Политическая власть в собственном смысле слова — это организованное насилие одного класса для подавления другого. Если пролетариат в борьбе против буржуазии непременно объединяется в класс, если путем революции он превращает себя в господствующий класс и в качестве господствующего класса силой упраздняет старые производственные отношения, то вместе с этими производственными отношениями он уничтожает условия существования классовой противоположности, уничтожает классы вообще, а тем самым и свое собственное господство как класса.

На место старого буржуазного общества с его классами и классовыми противоположностями приходит ассоциация, в которой свободное развитие каждого является условием свободного развития всех».
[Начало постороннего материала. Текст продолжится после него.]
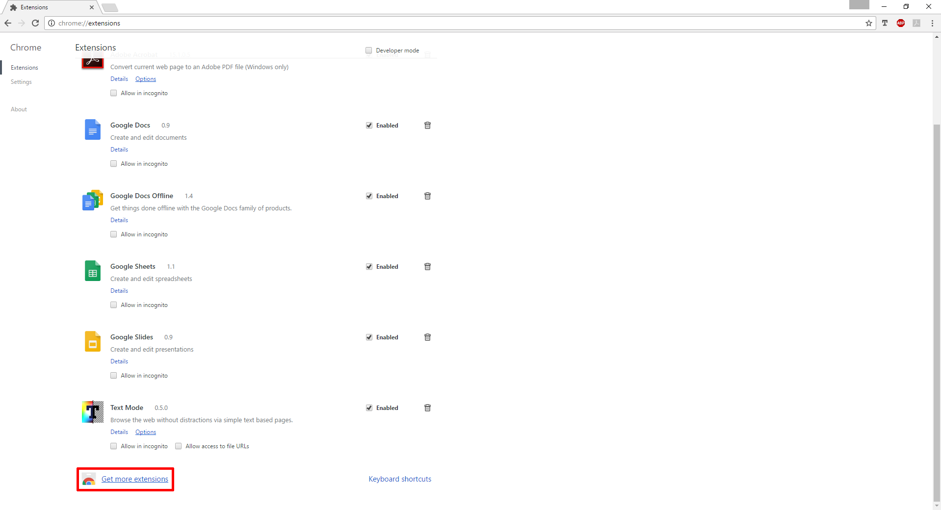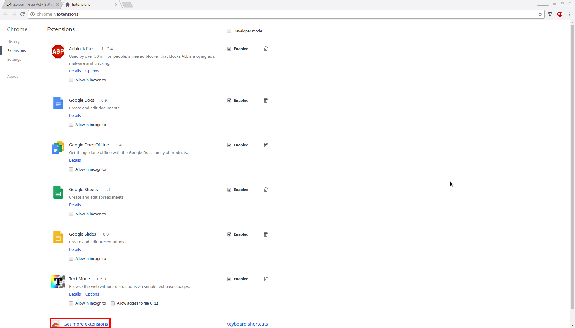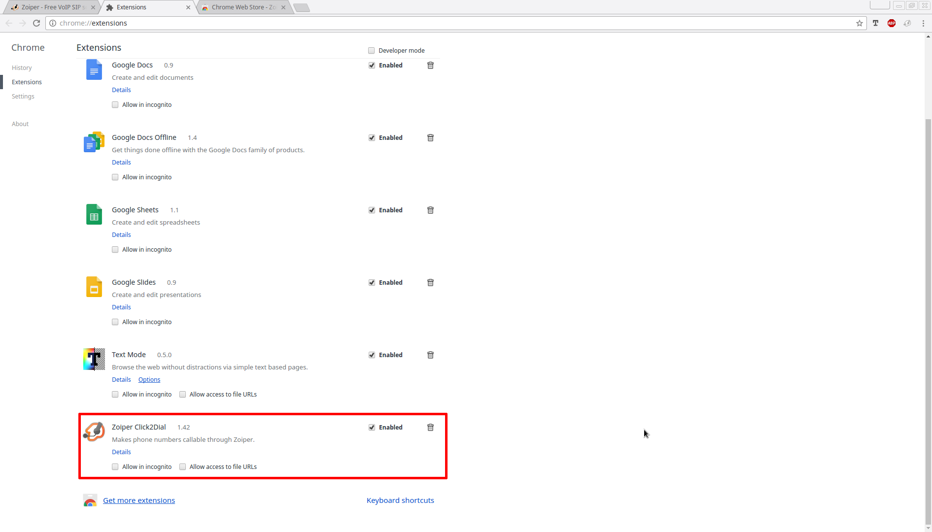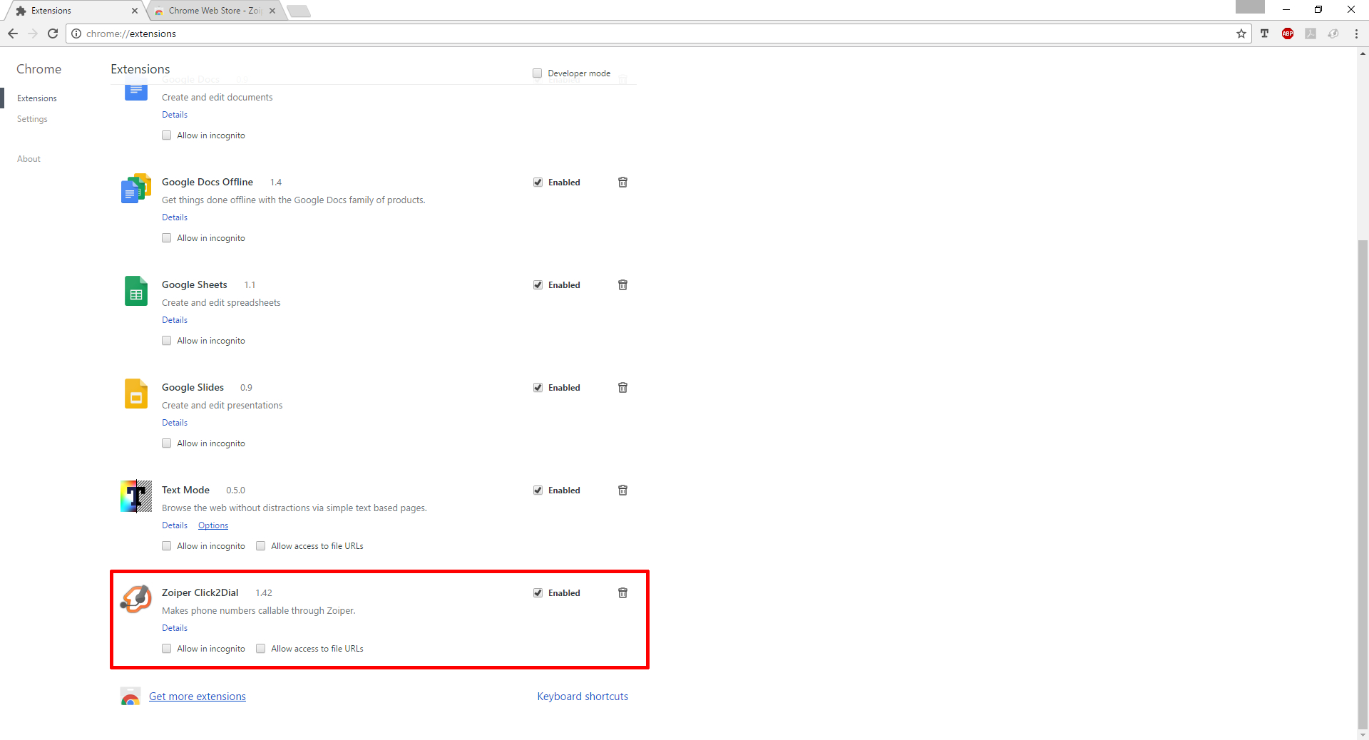 8. Afterwards, you can go back to the Extensions menu in the Chrome's preferences to check if the Click2Dial extension is enabled. (it should be by default)

Сформулировав всеобщую теорию общества (см. Исторический материализм), М. не сумел корректно преодолеть заметный европоцентризм своей концепции, оставив открытым вопрос о соотношении «азиатского», с одной стороны, и античного, феодального и буржуазного способа производства, с другой. (Это позволило в дальнейшем некоторым критикам М. не без оснований проинтерпретировать главную особенность «азиатского» общественного устройства — зависимость всех без исключения трудящихся от государства, а не от класса эксплуататоров — как закономерный итог марксовой идеи обобществления средств производства и, следовательно, как реальную перспективу социальных экспериментов такого рода.) Исторический опыт показал, что в индустриальном обществе (тем более, планируемом) немыслима редукция политической организации к экономической системе. Даже в качестве экономических мечтаний идея «превращения пролетариата в господствующий класс» не может выступить моделью аналогичного переустройства властных и управленческих институтов, обязательно основанных на разделении труда. Революционный императивизм неизбежного саморазрушения буржуазного строя в границах своей философско-социологической доктрины М. выводил из концепции всевозрастающей пауперизации населения, сопряженной с ростом производительных сил общества. Эта идея, дополняемая тезисами о «технологической» безработице и росте «резервной армии» труда, оказалась не вполне корректной как в экономическом, так и в исторических аспектах. (Хотя, безусловно, ведущие «болевые точки» буржуазного общества именно 19 в. М. обозначил точно.) Сформулированный «молодым» М. вопрос путей и средств достижения человеком, искалеченным общественным разделением труда, гармоничной целостности, обрел более счастливую судьбу. Выступив в дальнейшем в облике проблемы человеческого отчуждения и самоотчуждения (предпосылку которых М. усматривал в частной собственности на средства производства и анархии рынка), эта идея спровоцировала появление весьма мощной интеллектуальной традиции, в значительной мере обусловившей состав доминирующих парадигм человековедения 20 в. Не будучи особо влиятельными при жизни М., его идеи, пройдя региональную и национальную адаптацию и модернизацию (зачастую весьма кардинальную): А

.Лабриола в Италии, Г.Плеханов и В.Ленин в России, К.Каутский и Р.Люксембург в Германии и др. — стали смысловым, доктринальным и моральным ядром идеологий, теорий и программ деятельности практически всех революционистских движений 20 в., провозглашавших собственные мессианизм и социальную исключительность. Организациям такого типа оказался более чем приемлем потаенный дискурс доктрины М.: мир людей атрибутивно делим на «своих» и «несвоих», находящихся в состоянии антагонистического конфликта; ситуация эта кардинально разрешима только через захват «своими» государственной власти; достижим посредством «перманентной» революции, т.е. гражданской войны планетарного масштаба. [См. также «Немецкая идеология» (Маркс, Энгельс).]